URL [] URLlist = new URL [] {loaderClasspathDir.toURL ()};

// simulate 2 different classloader namespaces: this is namespace #1 URLClassLoader l1 = new URLClassLoader (URLlist); Class c1 = l1.loadClass ("EnumConsumer"); IEnumConsumer obj1 = (IEnumConsumer) c1.newInstance ();

// ... and this is namespace #2: URLClassLoader l2 = new URLClassLoader (URLlist); Class c2 = l2.loadClass ("EnumConsumer"); IEnumConsumer obj2 = (IEnumConsumer) c2.newInstance ();

// get data to pass between obj1 and obj2: Vector objects = obj1.getObjects ();

// this works as expected: obj1.validate (objects);

// this fails: obj2.validate (objects); }

In the above code, I assume that all classes in the project compile into the out directory, which will be in the system classloader's classpath when the program runs. I first execute a loop that moves Enum and EnumConsumer classes in a separate data directory, which classloaders l1 and l2 will use. This simulates l1 and l2 being packaged in the same deployment unit and is necessary to prevent them from delegating to their common parent system classloader. IEnumConsumer is left alone so that the result of ClassLoader.loadClass() could be cast to it. Both l1 and l2 are then asked to create two EnumConsumer instances, obj1 and obj2, which then validate the result of obj1.getObjects() twice:

>java -cp out Main
element 0 Ok
element 1 Ok
element 0 [FALSE] != Enum.FALSE
element 1 [TRUE] != Enum.TRUE

The last two lines of output show that obj2 will never be able to use Enum values that obj1 creates. Effectively, obj1 and obj2 have different views of what Enum class and its values are. Neither the reference comparison (==) nor the equals() method will work.

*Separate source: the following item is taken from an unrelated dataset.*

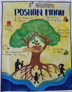 कार्यक्रम के दौरान बच्चों ने पोषण और स्वास्थ्य के महत्व को दर्शाते हुए पोस्टर भी बनाए, जिससे उनकी रचनात्मकता के साथ-साथ स्वास्थ्य जागरूकता भी बढ़ी।

In fact, fixing the Enum class so it works in this case would require a nontrivial amount of effort. You can override Object.equals() for Enum to use reflection in order to compare class names and m_value values. This will of course eliminate the speed advantage of a typesafe enum type. Besides, it would definitely be too much work for something that has no issues with the old typeunsafe construct in the first place.

Ironically, core JDK classes are in little danger of this happening because they always load precisely once from the same bootstrap classloader. However, we, the developers, can run into this issue with custom-loaded code.

Proceed with caution

The typesafe enum pattern may require too much work to be truly safe in all situations, especially if your runtime involves serialization or a complex classloader structure -- typical elements of Java 2 Platform, Enterprise Edition (J2EE) applications. In certain cases, it won't work at all. As such, the pattern is an unreliable substitute for a basic feature that the Java language lacks: a compiler-supported enum feature. In many cases, you're better off using the good old set-of-static-primitive-values enumeration.

Vladimir Roubtsov has programmed in a variety of procedural languages for more than 12 years and Java since 1995. Currently, he develops enterprise software as a senior developer for Trilogy in Austin, Texas. In his spare time, Vladimir develops software tools based on Java byte code or source code instrumentation.